DATA TO EXAMINE:
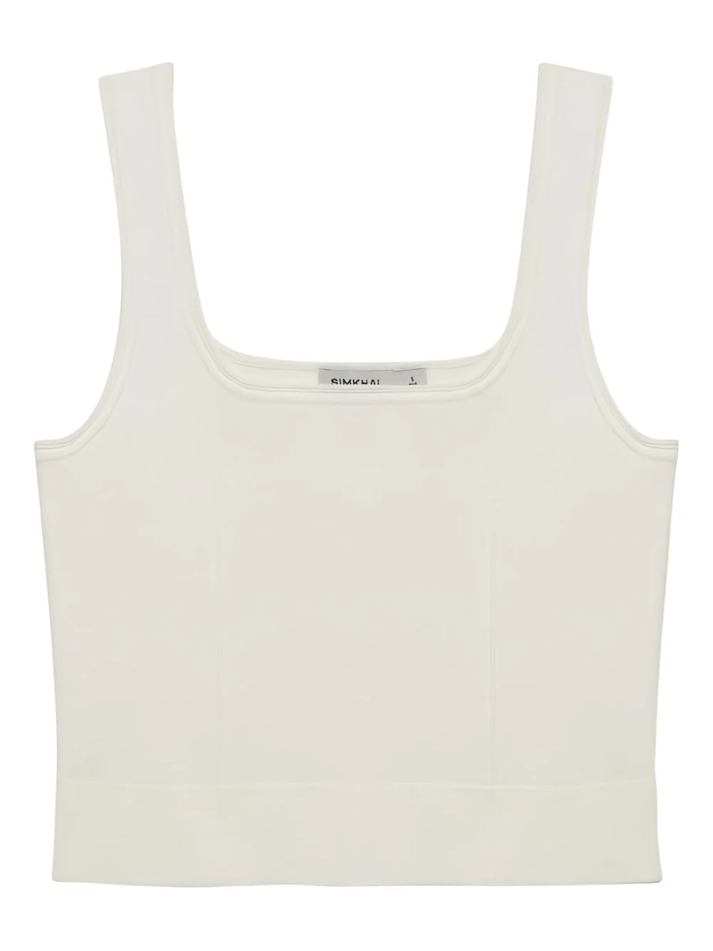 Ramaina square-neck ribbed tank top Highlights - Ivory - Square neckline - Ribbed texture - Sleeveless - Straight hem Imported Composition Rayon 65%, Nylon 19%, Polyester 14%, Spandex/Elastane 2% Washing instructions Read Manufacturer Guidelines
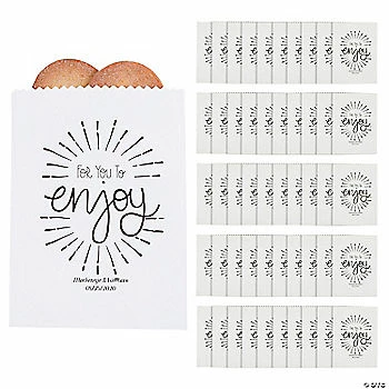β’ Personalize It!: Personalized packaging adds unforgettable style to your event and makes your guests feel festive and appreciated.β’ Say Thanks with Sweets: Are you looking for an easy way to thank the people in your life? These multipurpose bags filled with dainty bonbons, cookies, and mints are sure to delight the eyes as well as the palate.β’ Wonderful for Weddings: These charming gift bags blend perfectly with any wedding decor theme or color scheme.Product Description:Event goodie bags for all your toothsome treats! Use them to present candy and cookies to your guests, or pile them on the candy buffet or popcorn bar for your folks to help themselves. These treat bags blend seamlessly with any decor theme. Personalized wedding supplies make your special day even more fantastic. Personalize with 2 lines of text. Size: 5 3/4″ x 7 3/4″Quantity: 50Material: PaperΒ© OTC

---

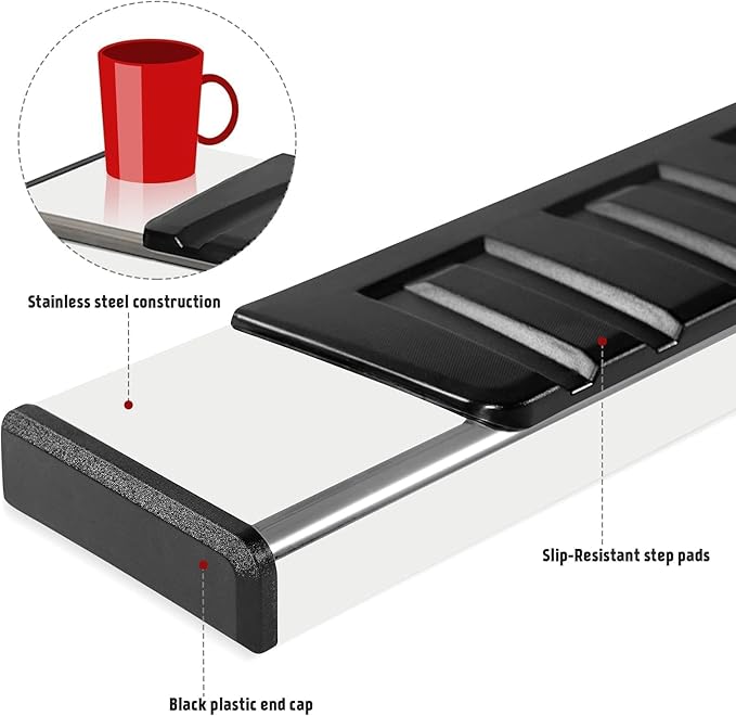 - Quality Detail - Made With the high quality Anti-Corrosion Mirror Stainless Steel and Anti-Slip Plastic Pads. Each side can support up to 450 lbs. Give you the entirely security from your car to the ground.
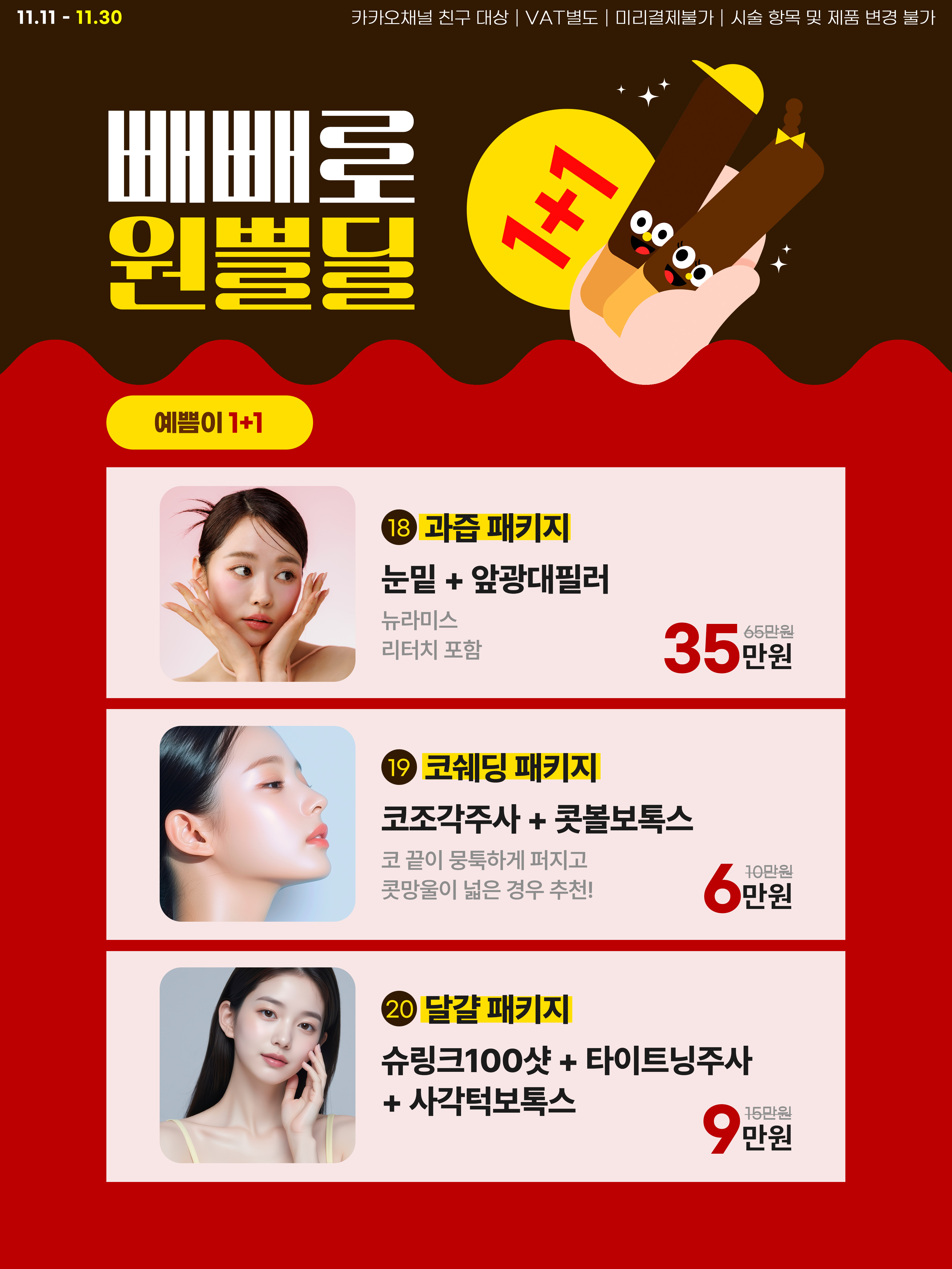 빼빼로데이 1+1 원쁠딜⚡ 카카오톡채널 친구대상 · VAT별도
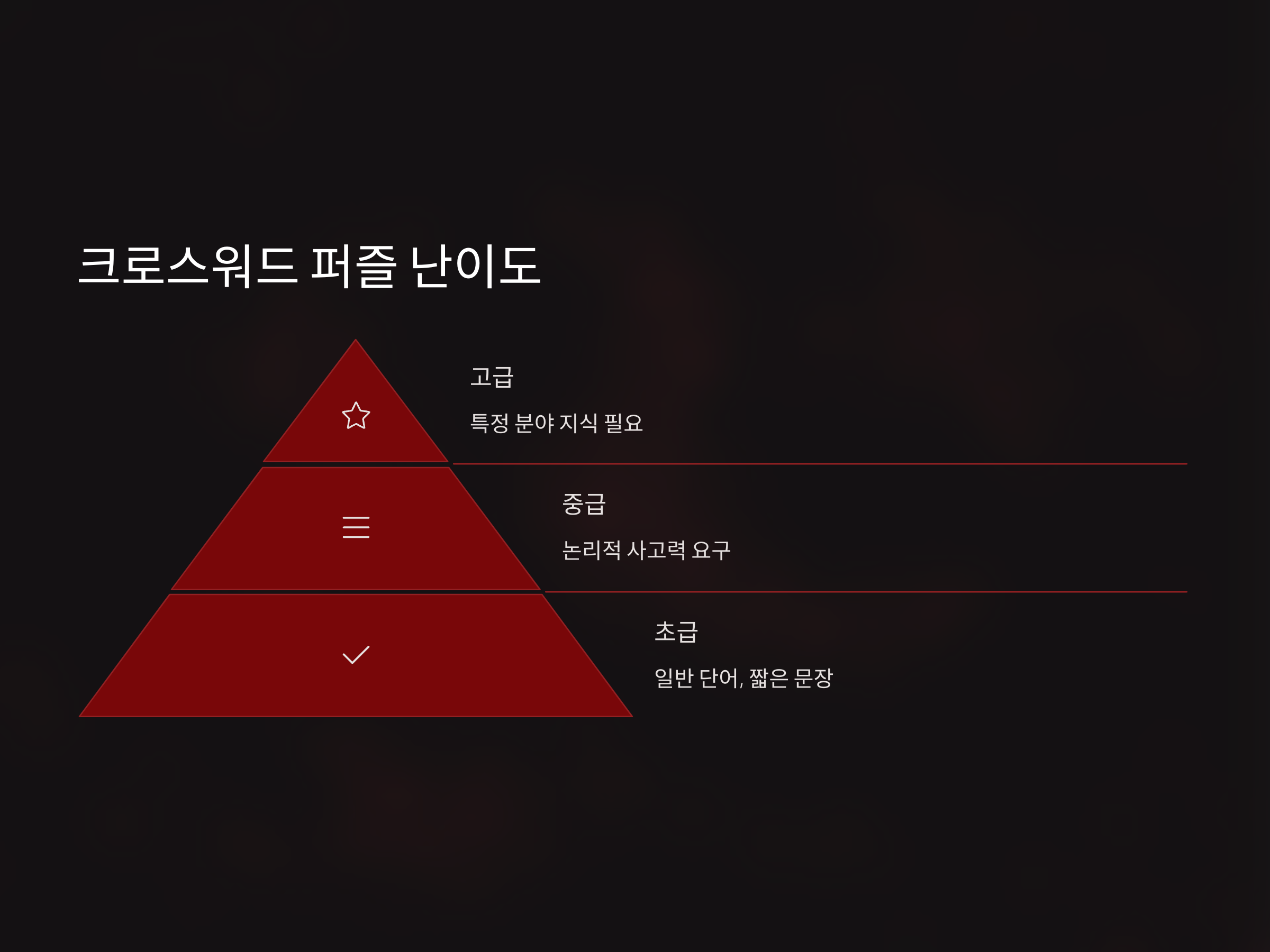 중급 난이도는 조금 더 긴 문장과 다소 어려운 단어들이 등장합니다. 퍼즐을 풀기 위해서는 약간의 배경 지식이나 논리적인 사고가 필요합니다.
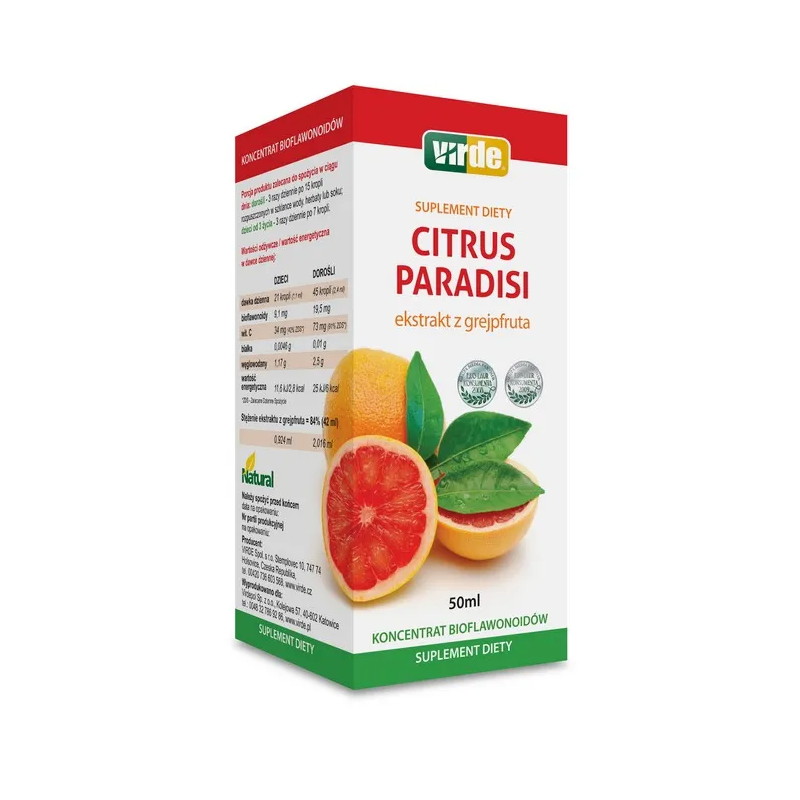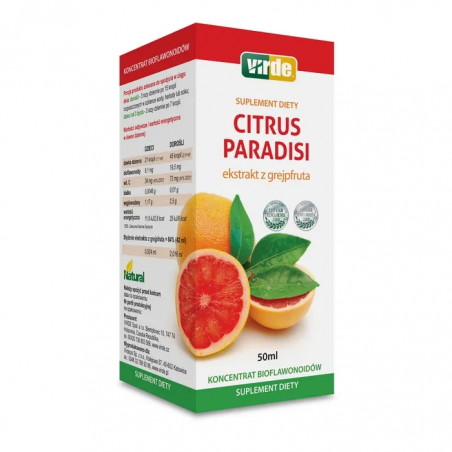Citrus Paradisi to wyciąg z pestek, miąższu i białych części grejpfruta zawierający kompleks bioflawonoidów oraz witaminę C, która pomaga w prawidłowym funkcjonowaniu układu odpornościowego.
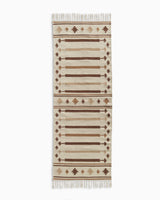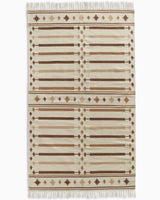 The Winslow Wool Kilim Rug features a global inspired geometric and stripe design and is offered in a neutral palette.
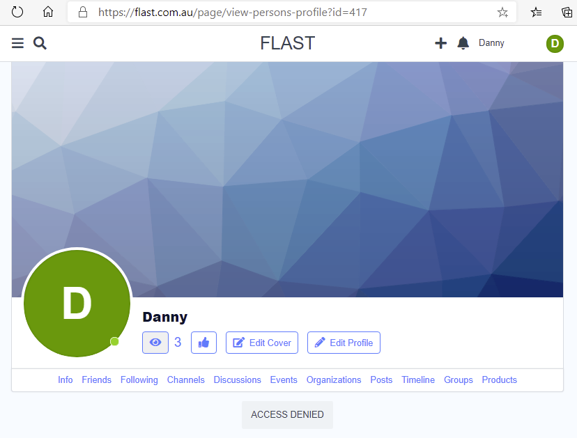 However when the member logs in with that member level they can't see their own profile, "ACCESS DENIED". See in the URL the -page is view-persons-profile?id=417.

WHAT YOU HAVE TO DO: In the data above, retype only the stretch from the line with "빼빼로데이 1+1 원쁠딜⚡ 카카오톡채널 친구대상 · VAT별도" through the line with "However when the", word for word, and skip any pictures.

REPLY TO THE EXERCISE:
 빼빼로데이 1+1 원쁠딜⚡ 카카오톡채널 친구대상 · VAT별도
 중급 난이도는 조금 더 긴 문장과 다소 어려운 단어들이 등장합니다. 퍼즐을 풀기 위해서는 약간의 배경 지식이나 논리적인 사고가 필요합니다.
Citrus Paradisi to wyciąg z pestek, miąższu i białych części grejpfruta zawierający kompleks bioflawonoidów oraz witaminę C, która pomaga w prawidłowym funkcjonowaniu układu odpornościowego.
 The Winslow Wool Kilim Rug features a global inspired geometric and stripe design and is offered in a neutral palette.
 However when the member logs in with that member level they can't see their own profile, "ACCESS DENIED". See in the URL the -page is view-persons-profile?id=417.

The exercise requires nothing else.